The GSE's underwriting guidelines now include assessment of a borrower's cash flow activity
Fannie Mae has updated the loan eligibility criteria of its automated underwriting system to help more borrowers qualify for a mortgage.
The government-sponsored entity has announced making several enhancements to its automated underwriting system that aims to “deliver new benefits to borrowers with no credit score” and increase access to credit and quality affordable housing.
Starting mid-December, Fannie Mae will enable the evaluation of a borrower’s monthly cash flow over a 12-month period to potentially enhance their credit risk assessment as part of the lender’s underwriting decision. The enhancements also include automating the current selling guide policy requirement to document non-traditional sources of credit.
“Fannie Mae’s preliminary research has shown that assessing a borrower’s cash flow activity through bank statement data can make more predictive risk assessments, especially for consumers with no or limited credit history,” the GSE said in a statement.
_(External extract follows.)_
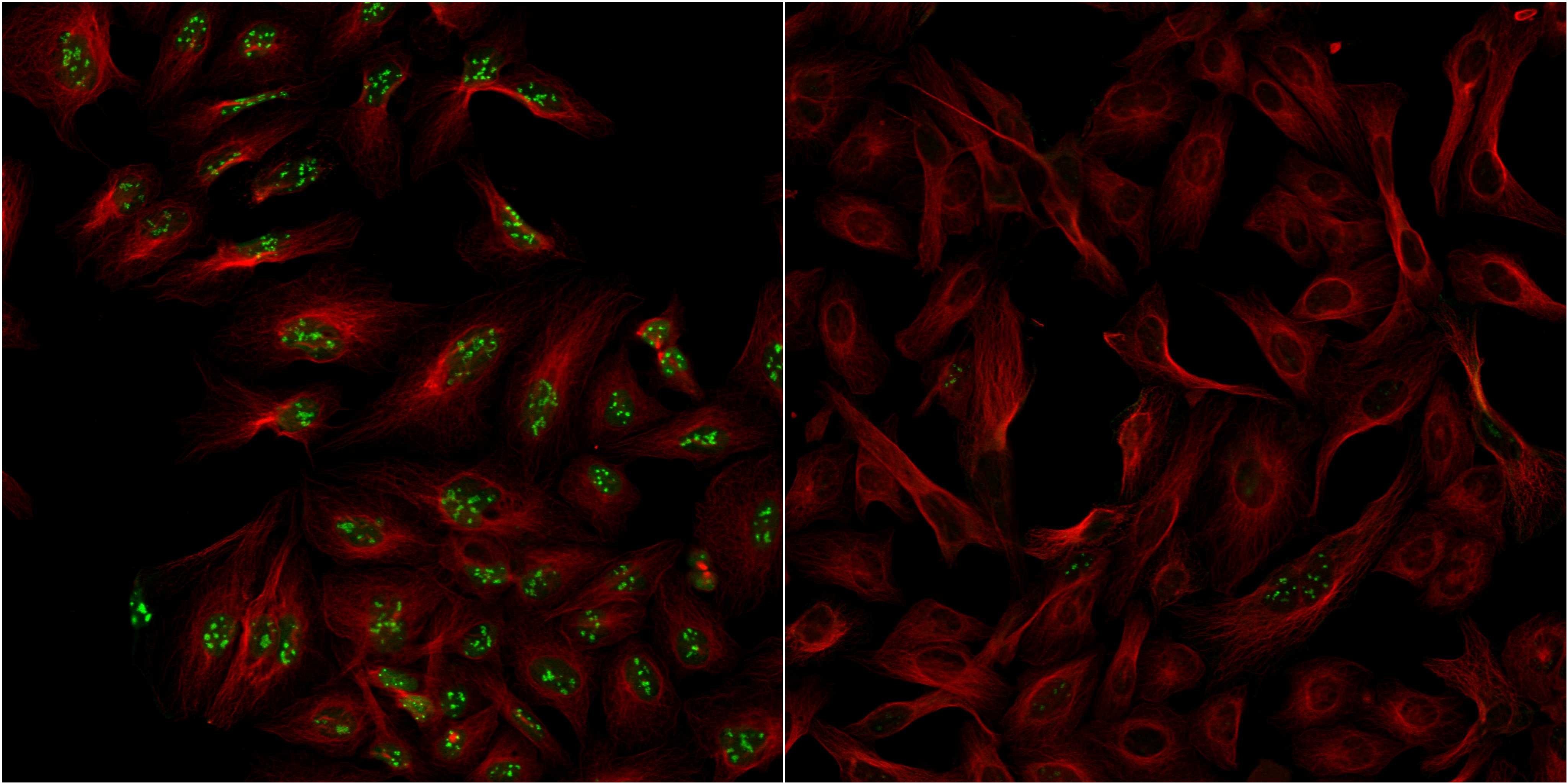 - Confocal images of immunofluorescently stained human U-2 OS cells.The protein UBTF is shown in green and the microtubules in red. The image to the left show cells transfected with control siRNA and the image to the right show cells where UBTF has been downregulated with specific siRNA.

“We believe consumers should benefit from their responsible money management habits and a steady stream of income when buying a home, even if they don’t have an established credit history,” said Malloy Evans, executive vice president and head of Fannie Mae’s single-family business. “Traditional lending practices make it hard for borrowers with no credit score to access credit, so we’ve taken steps that may help them responsibly qualify for a home loan using data that provides a more holistic view of how they manage their money.”